[Items listed in a dataset]
++++

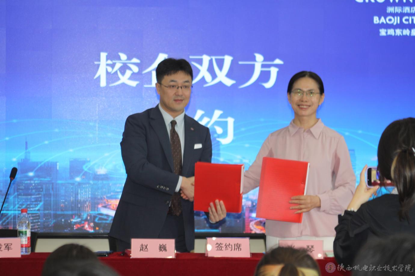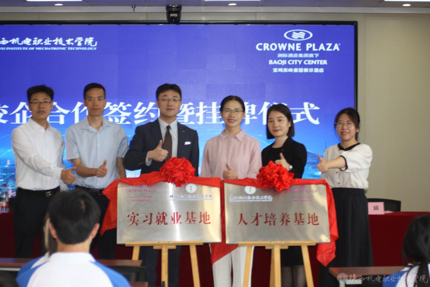 接着,张琴和赵巍为陕西机电职业技术学院在宝鸡东岭皇冠假日酒店的“就业实习基地”和宝鸡东岭皇冠假日酒店在陕西机电职业技术学院的“人才培养基地”揭牌,并进行校企合作签约仪式。
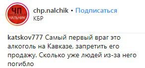 "Самый первый враг это алкоголь на Кавказе, запретить его продажу. Сколько уже людей из-за него погибло", - пишет там же katskov777.
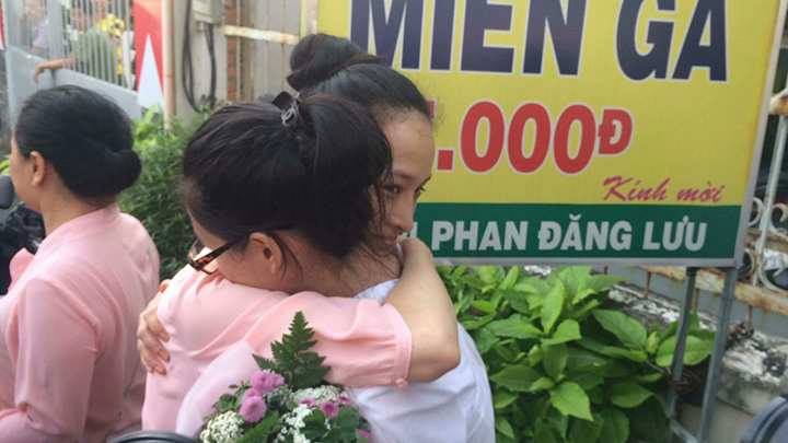 Phương Nga và Thùy Dung ôm nhau khi sau khi làm thủ tục tại ngoại
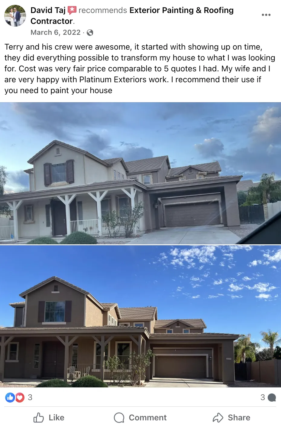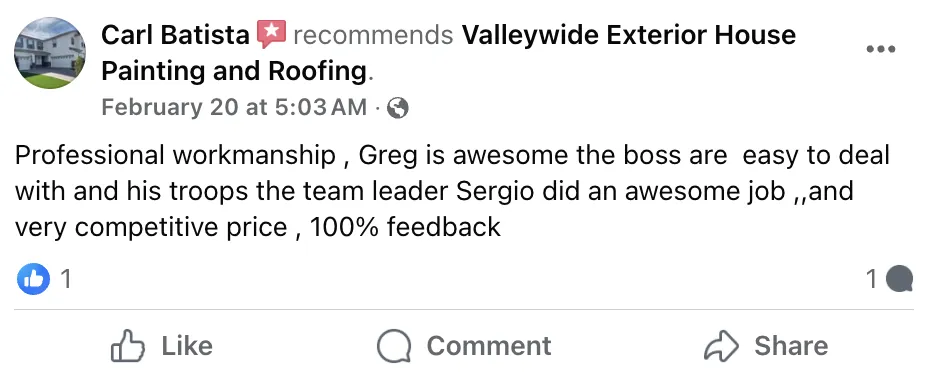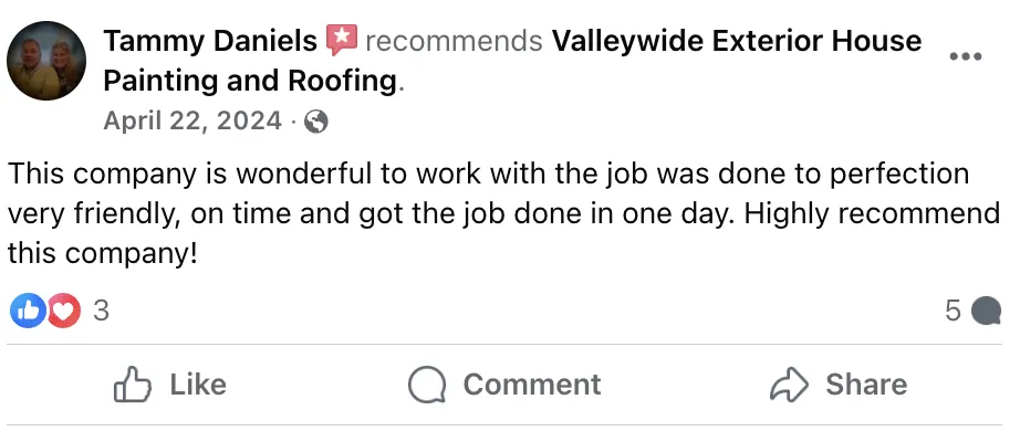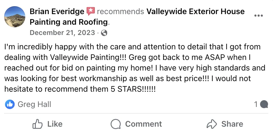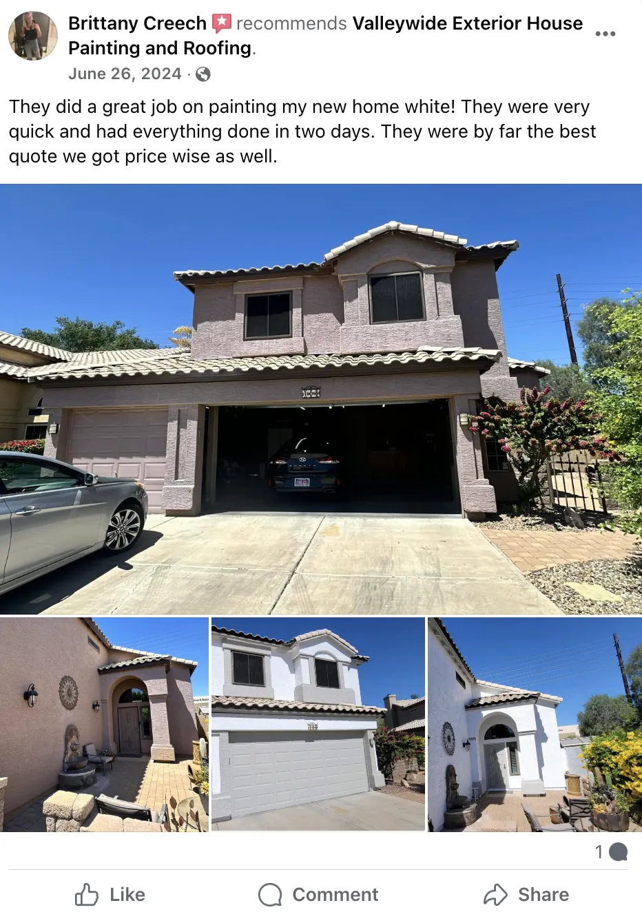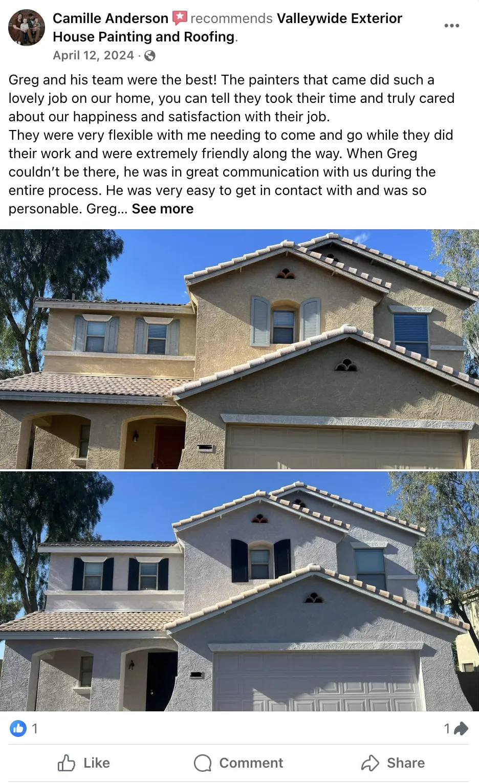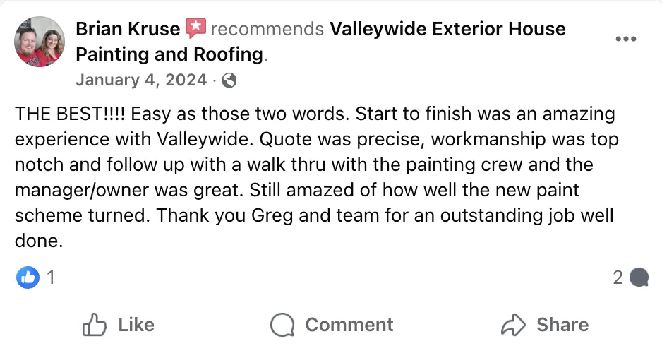 At ValleyWide Home Pros, we determine the pricing for our exterior paint projects by using the square footage and property details available from publicly accessible real estate websites. This approach allows us to provide accurate and fair estimates tailored to the specifics of your home. We take into consideration the size of your property and any unique features or requirements it may have to ensure that our quote is comprehensive and competitive, giving you the best possible value for our services.
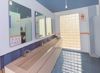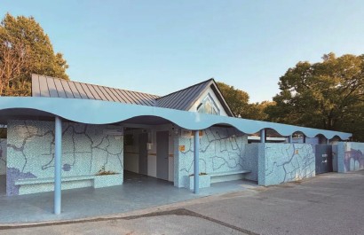 这座坐落于鹿鸣影苑东侧的水经公厕,水纹波浪形屋檐灵动别致,外墙采用蓝白色马赛克精心拼贴,勾勒出苏州河水域分布图,营造出与水共生的清新视觉感受,也呼应了赵家村“苏州河第一村”的地域特质。

++++

## Required action
Your reply should restate the data above word for word and contain no pictures.

## Solved problem
 接着,张琴和赵巍为陕西机电职业技术学院在宝鸡东岭皇冠假日酒店的“就业实习基地”和宝鸡东岭皇冠假日酒店在陕西机电职业技术学院的“人才培养基地”揭牌,并进行校企合作签约仪式。
 "Самый первый враг это алкоголь на Кавказе, запретить его продажу. Сколько уже людей из-за него погибло", - пишет там же katskov777.
 Phương Nga và Thùy Dung ôm nhau khi sau khi làm thủ tục tại ngoại
 At ValleyWide Home Pros, we determine the pricing for our exterior paint projects by using the square footage and property details available from publicly accessible real estate websites. This approach allows us to provide accurate and fair estimates tailored to the specifics of your home. We take into consideration the size of your property and any unique features or requirements it may have to ensure that our quote is comprehensive and competitive, giving you the best possible value for our services.
 这座坐落于鹿鸣影苑东侧的水经公厕,水纹波浪形屋檐灵动别致,外墙采用蓝白色马赛克精心拼贴,勾勒出苏州河水域分布图,营造出与水共生的清新视觉感受,也呼应了赵家村“苏州河第一村”的地域特质。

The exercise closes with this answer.